→ **What is expected**: Produce as output only the lines below starting at the line with "Men's Casual Gray" and continuing through the line with "12.52 Литва отремонтирует", each one exactly as written.

*** Data for the task Section Begins ***

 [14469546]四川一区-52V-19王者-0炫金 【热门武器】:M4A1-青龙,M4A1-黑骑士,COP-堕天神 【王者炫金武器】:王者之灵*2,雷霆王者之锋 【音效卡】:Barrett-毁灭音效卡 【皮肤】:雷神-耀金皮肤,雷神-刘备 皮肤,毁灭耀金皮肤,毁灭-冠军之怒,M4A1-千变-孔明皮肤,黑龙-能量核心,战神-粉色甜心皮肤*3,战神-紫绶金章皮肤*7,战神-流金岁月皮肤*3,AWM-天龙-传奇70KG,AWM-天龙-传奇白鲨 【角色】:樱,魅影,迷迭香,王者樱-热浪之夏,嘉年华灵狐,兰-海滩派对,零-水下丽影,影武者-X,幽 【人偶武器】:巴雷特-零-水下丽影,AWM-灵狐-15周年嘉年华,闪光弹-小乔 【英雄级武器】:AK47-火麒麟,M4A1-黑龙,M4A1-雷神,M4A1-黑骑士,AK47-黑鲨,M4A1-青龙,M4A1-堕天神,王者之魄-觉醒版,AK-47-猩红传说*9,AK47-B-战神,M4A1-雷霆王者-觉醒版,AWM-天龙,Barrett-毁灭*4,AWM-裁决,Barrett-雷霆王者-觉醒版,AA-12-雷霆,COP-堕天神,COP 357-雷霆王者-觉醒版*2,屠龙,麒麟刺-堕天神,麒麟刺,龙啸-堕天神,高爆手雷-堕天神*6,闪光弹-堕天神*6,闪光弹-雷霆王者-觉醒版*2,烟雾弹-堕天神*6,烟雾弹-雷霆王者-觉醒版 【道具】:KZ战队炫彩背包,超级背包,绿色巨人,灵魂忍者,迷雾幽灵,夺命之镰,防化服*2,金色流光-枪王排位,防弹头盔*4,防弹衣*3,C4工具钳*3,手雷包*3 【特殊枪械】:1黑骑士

*** Data for the task Section Ends ***
*** Data for the task Section Begins ***

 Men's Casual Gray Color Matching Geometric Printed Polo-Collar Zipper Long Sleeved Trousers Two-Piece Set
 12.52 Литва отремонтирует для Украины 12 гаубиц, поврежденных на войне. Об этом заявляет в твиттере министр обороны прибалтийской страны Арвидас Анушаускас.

*** Data for the task Section Ends ***

→ **Task output**:
 Men's Casual Gray Color Matching Geometric Printed Polo-Collar Zipper Long Sleeved Trousers Two-Piece Set
 12.52 Литва отремонтирует для Украины 12 гаубиц, поврежденных на войне. Об этом заявляет в твиттере министр обороны прибалтийской страны Арвидас Анушаускас.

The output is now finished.